This is a guest blog from my colleague Nick Gordon (nick@sharedlivesplus.org.uk) who works in our communications team and supports local Shared Lives providers and commissioners with their demographic analysis, marketing and recruitment. Nick writes:
With the anniversary of the pandemic hitting approaching, the vaccine roll-out offers hope, if not yet certainty of when ‘normal’ life will return. All we can be certain of is that ‘normal’ will not be what it was before. We will be in a period of huge challenges – long covid, mental ill health, ravaged economies – and huge changes to the way that we live, work and travel.
Throughout these extraordinary times, and despite enormous pressures on our health and social care systems, Shared Lives care has continued to shine, providing the safest and best quality form of care as rated by the CQC and amazing outcomes for people like Meg who have found connections deep enough to sustain them through the long period of social distancing.
Recently we have seen an increase in local authorities seeking our advice and guidance on how to grow Shared Lives services as part of a re-imagining of social care which many areas recognise cannot wait for a long-promised government plan for reform. Social care workforce recruitment is a longstanding challenge in a sector known for difficult work, low pay, low status and long hours. Shared Lives offers flexible, home-based work where people can focus on what matters to the person who comes to live with or visit them, and, having been through a unique, in-depth recruitment and matching process, are trusted enough to be freed from much of the unnecessary paperwork, rules and bureaucracy which prevent so many social care workers from being as caring, let alone as social, as they dreamed of being when they entered the profession.
Our strategic advice and support service is currently working with North East ADASS across 12 local authority areas to deliver a wide-ranging and ambitious growth plan, which addresses a common barrier for many Shared Lives providers: how to recruit new carers. As well as a cost-benefit analysis of existing activity, we’ll be delivering data-driven demographic customer profiling for existing carers, along with the design and delivery of a digitally-enabled marketing and communications strategy .
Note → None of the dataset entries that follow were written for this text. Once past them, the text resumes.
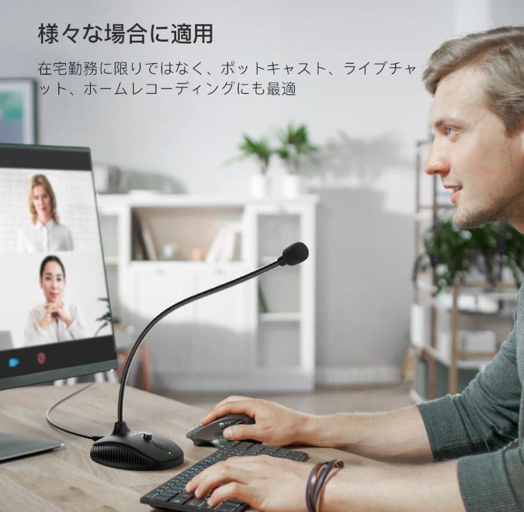 [スムーズな録音] 柔軟なグースネックデザインにより、PC用のUSBマイクを自分のレベルに調整できます。カーディオイドポーラーパターンにより、音声に合わせた応答により、音声の明瞭度を最大化し、フィードバックの機会を減らします。会議やプレゼンテーションアプリケーションに適したソリューションで、Zoomビデオ会議ソフトウェア内で聴く能力を向上させます。 [USBプラグ&プレイ] グースネックは最大12インチ(32.5cm)の長さと使いやすいマイクの位置を提供します。 USBカーディオイドマイクをUSBコネクタ経由でノートパソコンやPCに接続すると、録音、Skype、Discordでのチャット、コンピューターオーディオのニーズをすべて満たします。 パソコンに直接録画できます。 【スタイリッシュなデザイン】ズームミーティング用のグースネックコンピューターマイクは、スピーカーで調整でき、背の高い人や背の低い人などに対応できます。 薄型で魅力的なグースネックデザインで、とてもきれいな外観です。 曲げるYouTubeマイクによる正確な位置決めは、表彰台、礼拝所、学校、会議、プレゼンテーションアプリケーションに適したソリューションです。 [音量ノブ&ミュートボタン] コンデンサーマイクの入力音量を簡単に調整でき、LEDライト付きのサイレントミュートスイッチは、コンピューター録音マイクがアクティブになっていることを示します。 テーブルやデスクに滑り止めゴムマウントが付いた頑丈な重みのあるベースは、医療/法的報告や会議用の長いグースネックをしっかりとサポートします。 USBマイクは、ズームミーティング、ポッドキャスト、ライブチャット、IP通信、ボーカル録音に適しています。 [頑丈な構造] TwitchストリームレコーディングボーカルUSBマイク。調節可能な金属製グースネックと頑丈なABSベースにより、安定した使用が可能です。 取り外し不可能なプレミアム6.56フィート(2メートル)のUSBケーブル、ユーザーマニュアル、フレンドリーな技術サポート。
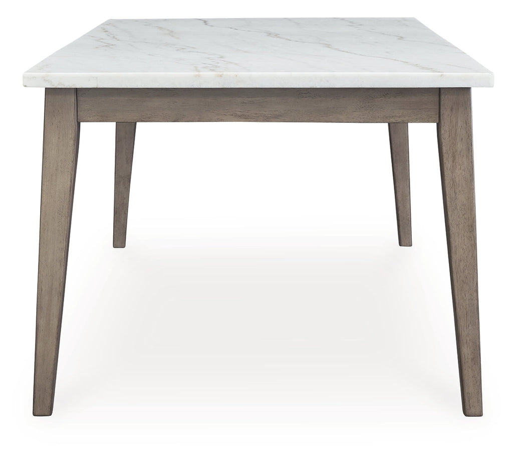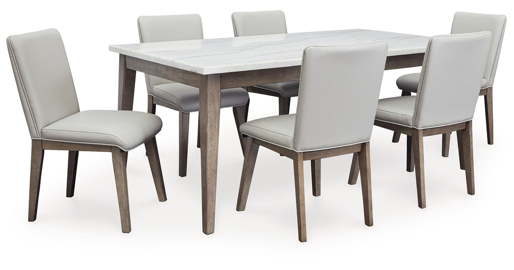 Easygoing appeal meets graceful refinement with this dining ensemble. An on-trend grayish brown finish, white marble tabletop and modern chairs upholstered in taupe faux leather are sure to add panache to your dining experience. Whether you're entertaining or enjoying your own nest, this set exudes elegance and sophistication.
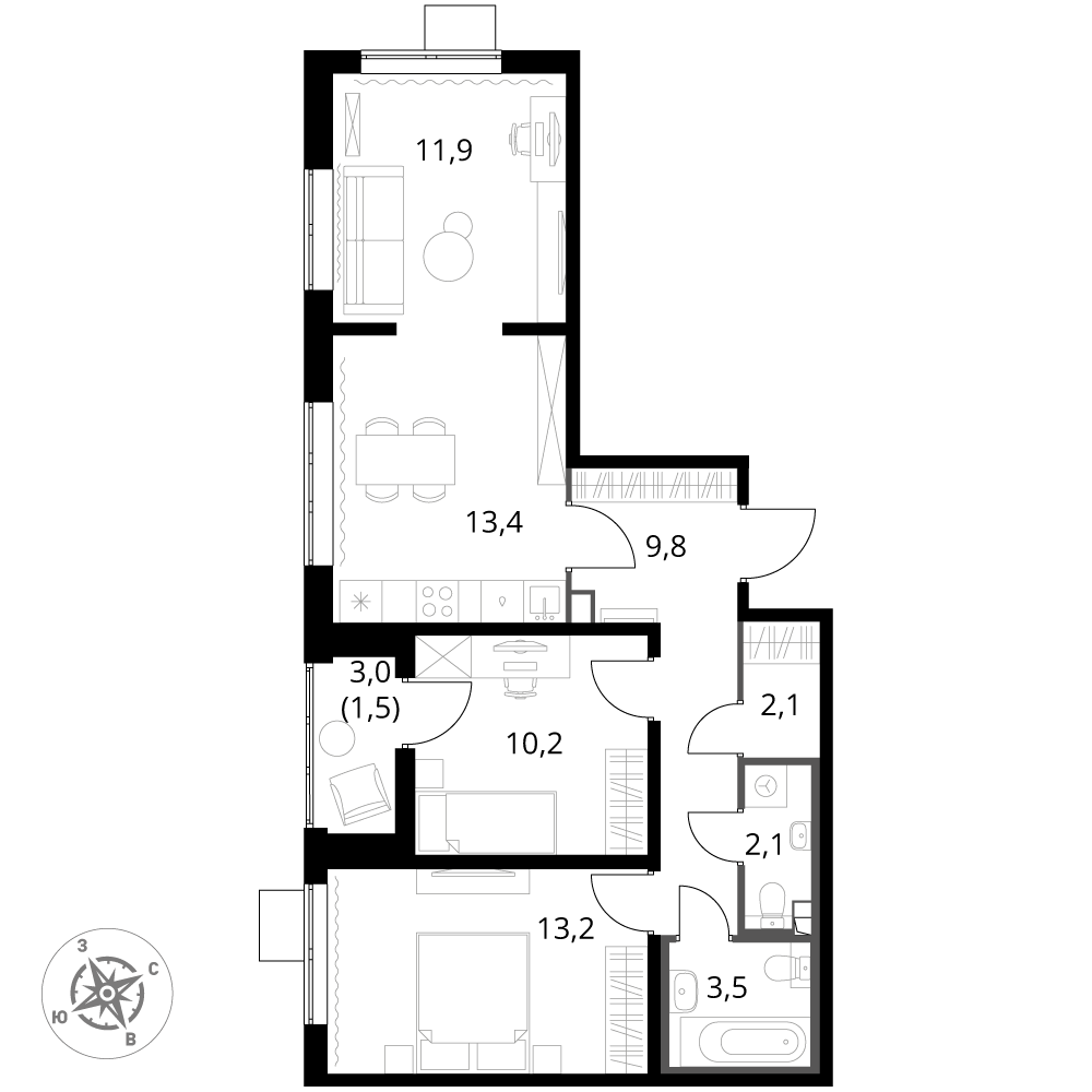 · Мебель и техника: Вся мебель и встроенная техника остаются.
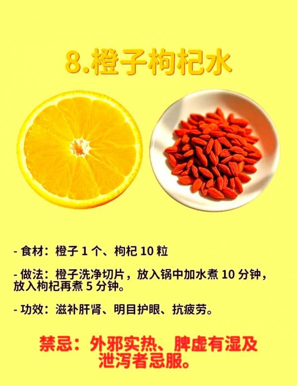 制作方法:將橙子清洗干凈后切片,放入鍋中,加入適量的清水,煮沸后轉(zhuǎn)小火慢煮10分鐘,隨后再加入枸杞,繼續(xù)煮5分鐘即可。
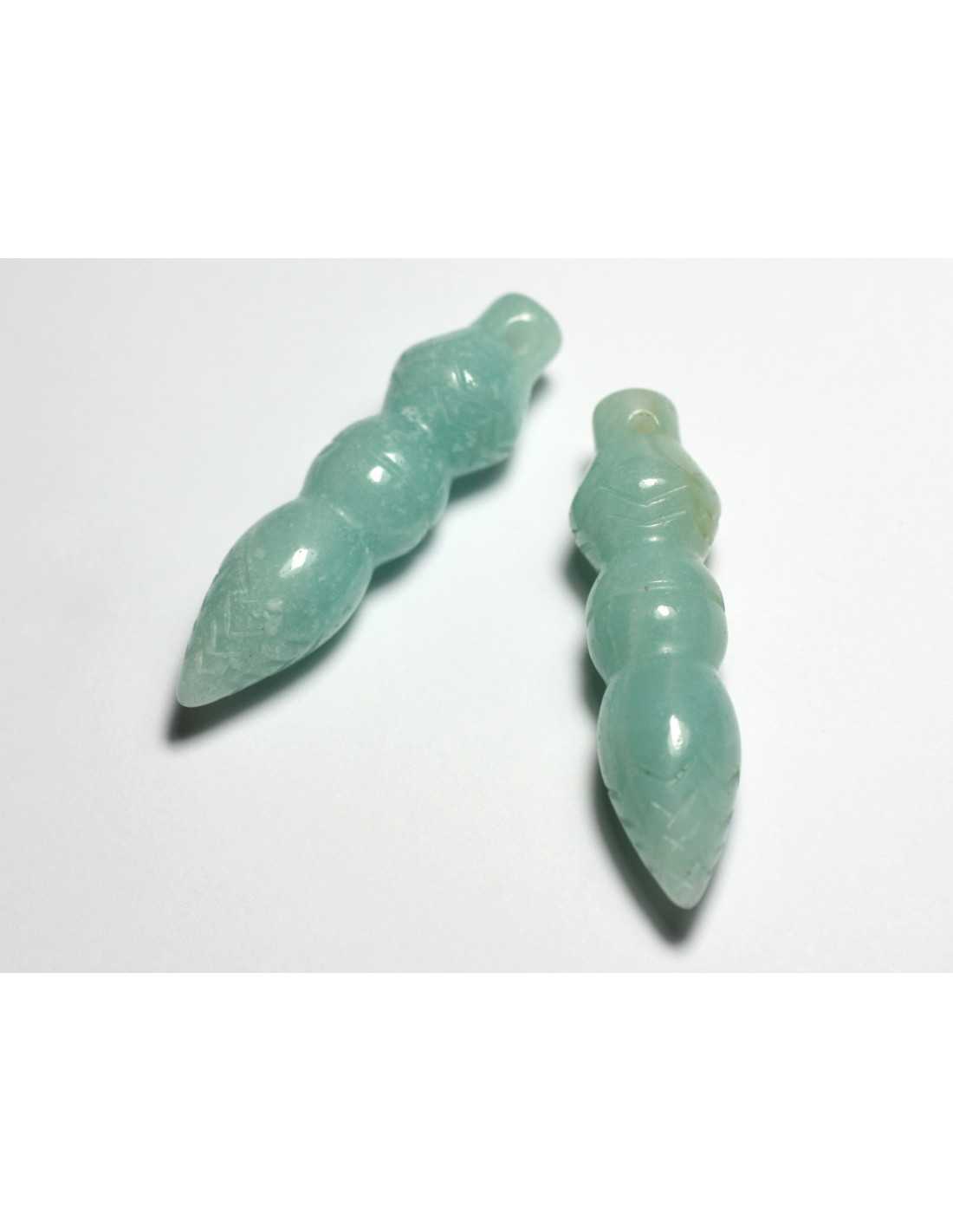 1pc - Perle Pendentif Pendule egyptien Thot gravé Pierre 46mm Amazonite bleu vert turquoise blanc - 7427039743617
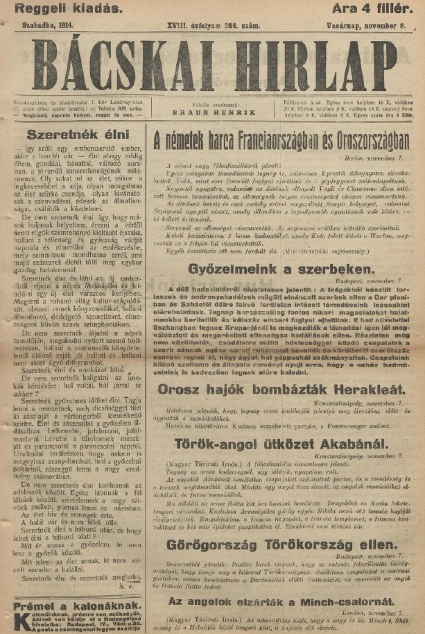 Bácskai Hirlap, 18. évf. 1914. november 8. 288. sz.
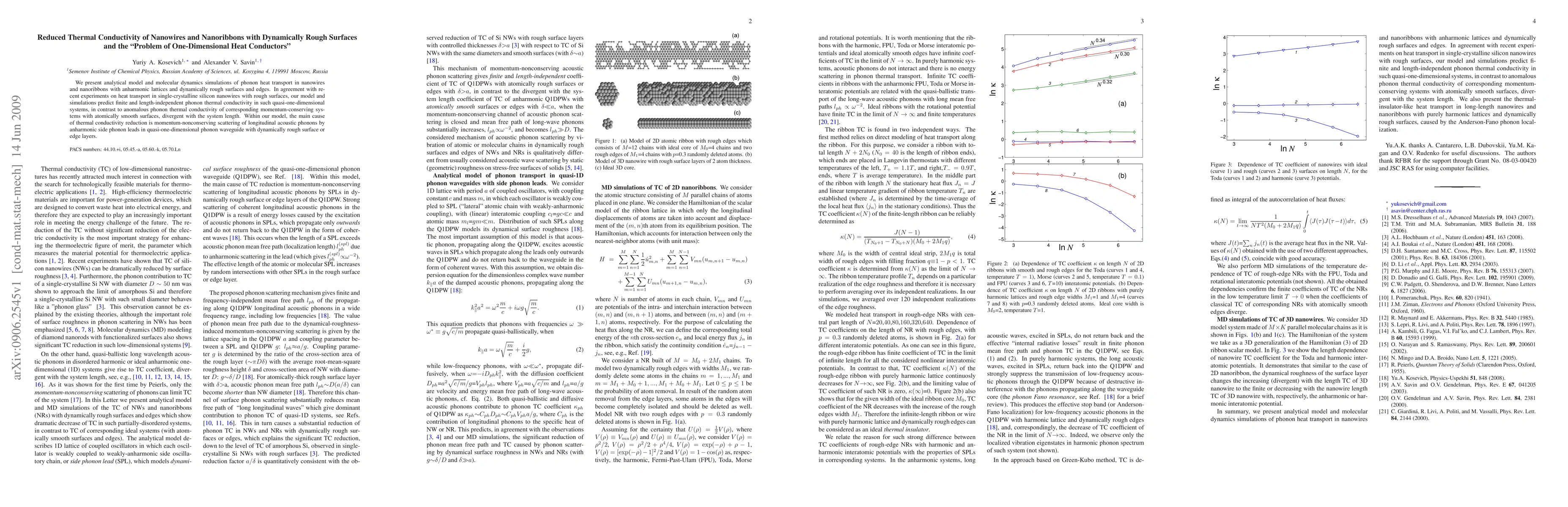 This paper presents an analytical model and molecular dynamics simulations showing that phonon heat transport in nanowires and nanoribbons with dynamically rough surfaces results in finite and length-independent thermal conductivity, contrasting with the divergent thermal conductivity of smooth-surface systems. The reduction is primarily due to nonconserving scattering of phonons by anharmonic side phonon leads.

As well as growth, we can also work with local authority commissioners to help deliver a business case for Shared Lives in the first instance. Based on our work to date we have demonstrated an average £20,000 saving per live-in arrangement per year, when compared to other types of available support for people with similar levels of need.
Not only this, our recently announced National Lottery Community funded project is helping to embed a shared, online approach to recruiting and assessing potential Shared Lives carers, from initial enquiry through to full vetting and training requirements. Launching in March this online portal will further streamline Shared Lives carer recruitment, maintaining an in-depth, values-based approach, but reducing recruitment and approval times from 4-6 months to 4-6 weeks.
Shared Lives is still a relatively small cog in the UK’s social care wheel, but with an average annual increase of 6% in Shared Lives live-in arrangements since 2012, we know we can grow the sector in the teeth of financial and demographic challenges. Now we are entering a period when there will unfortunately be thousands of people looking for work, and many more are already re-thinking what a good life looks like and what they want from their career. Flexible, rewarding, home-based and resilient during the pandemic: if national government, local councils and the new Integrated Care Systems are serious about radical change, it’s time to get serious about Shared Lives.